Fig. 1 is a schematic flowchart of a method for determining a measurement network type of a digital photogrammetric system according to an embodiment of the present invention;
FIG. 2 is a schematic diagram of a bundle adjustment model;
FIG. 3 is a schematic diagram illustrating adjustment of shooting distance, camera orientation and distribution density of the stations according to an embodiment of the present invention;
fig. 4 is a schematic view of an iterative method of a measurement mesh type optimization model according to an embodiment of the present invention;
fig. 5 is a schematic flowchart of a specific process corresponding to the method for determining a measurement network type of a digital photogrammetric system according to an embodiment of the present invention.
Detailed Description
The technical solutions in the embodiments of the present invention will be described clearly and completely with reference to the accompanying drawings in the embodiments of the present invention, and it is obvious that the described embodiments are only a part of the embodiments of the present invention, and not all of the embodiments. All other embodiments, which can be derived by a person skilled in the art from the embodiments given herein without making any creative effort, shall fall within the protection scope of the present invention.
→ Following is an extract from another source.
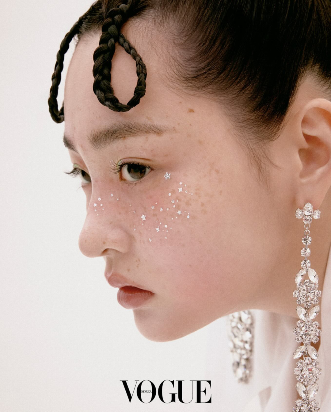 另外雀斑的点缀更是神来之笔,当面部留白越少,则五官更聚焦,自然上镜效果随之升级。化妆师杨单给娜娜点雀斑的工具也很朴实无华——染眉膏。

In view of the deficiencies in the prior art, embodiments of the present invention provide a method for determining a measurement network type of a digital photogrammetric system. Fig. 1 schematically illustrates a flow chart of a method for determining a measurement network type of a digital photogrammetric system according to an embodiment of the present invention, as shown in fig. 1, specifically including the following steps:
101: and determining the initial distribution of the camera station according to the field measurement condition.
The initial shooting station distribution comprises an initial position of a shooting station where the camera is located and an initial attitude angle of the shooting station.
Specifically, the initial distribution may be any one of a ring shape, a column shape, a m-shape, and a cross shape.
That is, the initial filming distribution should be selected from the conventional filming distribution schemes such as ring, column (flight band), rice-shaped and cross, in combination with the field measurement conditions.
102: and (4) simulating by using a beam method adjustment model to obtain an error equation corresponding to each measuring point on the sample to be measured after imaging at each camera station.
And all the measuring points on the sample piece to be measured are uniformly distributed on the surface of the sample piece to be measured according to preset density parameters.
Specifically, an error equation corresponding to each measurement point on the sample to be measured after imaging at each camera station can be obtained through formula (1):
Figure BDA0003550766450000041
in the formula (1), vx、vyIn order to be an error, the error is,
Figure BDA0003550766450000042
is a matrix of the pose angles of the camera, consisting of the pose angles (R) of the camerax,Ry,Rz) Converted to three-dimensional coordinates, X, of measuring point X, Y, Z0、Y0、Z0Is the camera station position, f is the focal length, x, y are the image coordinates of the corresponding image point of the measuring point after the camera station imaging, x0、y0As principal point coordinates, Δ xr、Δxd、Δxb、Δyr、Δyd、ΔybIs the distortion parameter of the camera.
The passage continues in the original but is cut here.